In drawing rooms across the country frazzled Begums complained that all this fasting, combined with the heat, made their cooks so horribly bad-tempered. Of course, one felt guilty asking them to stand over a stove and cook under these circumstances. Masood, however, loved it. He liked nothing so much as to shoo us out of the kitchen with the warning, ‘If you smell my food you will be so overcome with temptation that you’ll break your fast on the spot. Leave, leave, before you make me into an instrument of Shaitan and I send you to hell.’ The only person he allowed in was Mariam Apa, who would chop and stir and watch, as she never did during any other time of the year.
And oh! the meals that resulted. We started with the requisite date, of course, to symbolize fidelity to the first Muslims in the deserts of Arabia, but then … on to gluttony! Curly shaped jalaibees, hot and gooey, that trickled thick sweet syrup down your chin when you bit into them; diced potatoes drowned in yogurt, sprinkled in spices; triangles of fried sarnosas, the smaller ones filled with mince-meat, the larger ones filled with potatoes and green chillies; shami kebabs with sweet-sour imli sauce; spinach leaves fried in chick-pea batter; nihari with large gobs of marrow floating in the thick gravy, and meat so tender it dissolved instantly in your mouth; lassi that quenched a day-long thirst as nothing else did and left us wondering why we ever drank Coke when a combination of milk, yogurt and sugar could be this satisfying; an assortment of sweetmeats — gulab jamoons, ladoos, burfi.
There were always at least ten people gathered at our house by sunset for Iftari and, at some point, someone would look up from his or her third helping and say, ‘Mariam, have you finished eating?

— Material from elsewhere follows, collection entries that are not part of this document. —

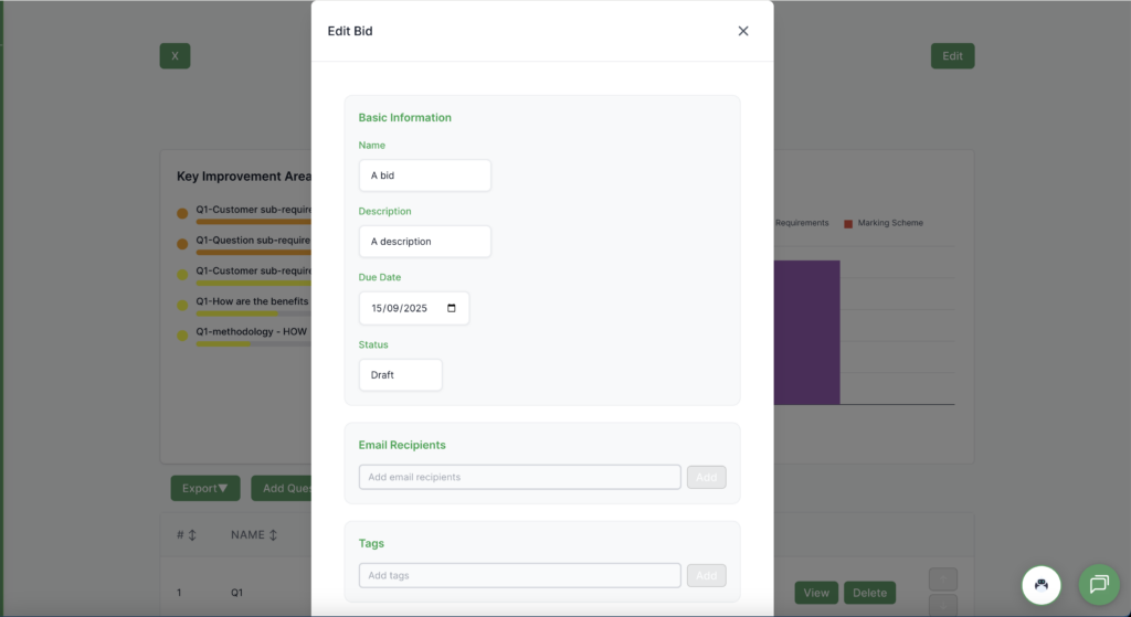 2. Use Tags: Add tags to organise bids (e.g., “2024”, “Client X”, “Won”)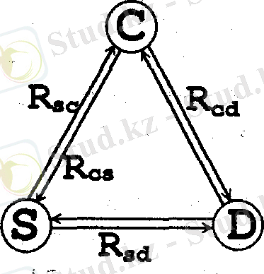 Отношение между знаком и предметом (обозначено как RSD , рядом со стрелкой, направленной от S к D) - это отношение знак - предмет. Множество определений, устанавливающих соответствие между набором знаков и обозначаемыми ими сущностями, то есть отношения типа образуют словарь данной знаковой системы или языка.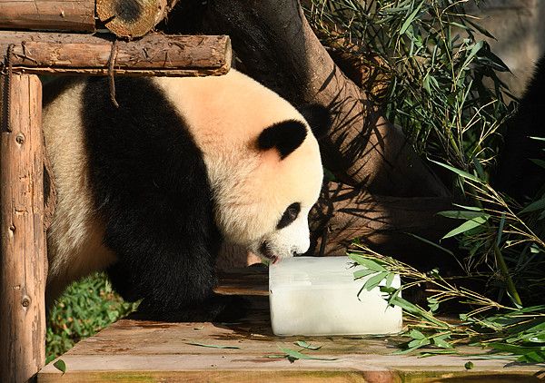 2025年8月5日,重庆动物园大熊猫吃冰砖享受清凉。当日,重庆市气象台发布“高温红色预警信号”,预计部分区县日最高气温将升至40-42摄氏度。

That’s an insult to the food. It’s divine!’ And Mariam Apa, who always ate just enough to show she appreciated the food, would make a gesture as though plucking the words from the air and swallowing them, to indicate, ‘I am eating your praise.’ Then she would look across at Masood, who had walked in with hot naans to go with the nihari, and smile her smile of congratulations. Masood would incline his head in a gesture that was not so much a salaam of deference as an acceptance of well-deserved praise.
(When I start to talk about Masood’s cooking to people who’ve never tasted it, I’m often greeted with looks of scepticism. All I’ll say is this: the Dard-e-Dil relatives of Dadi’s generation swear the finest meals they’ve eaten have all come from Masood’s kitchen. Such a compliment is not to be slighted when it comes from people who’ve eaten food from the fabled kitchens of the Dard-e-Dil palace where legions of cooks plied their trade, each one specializing in a different kind of food. So, for instance, there was one cook for the rice dishes and one for the parathas, one for the sweetmeats and one for the kebabs.)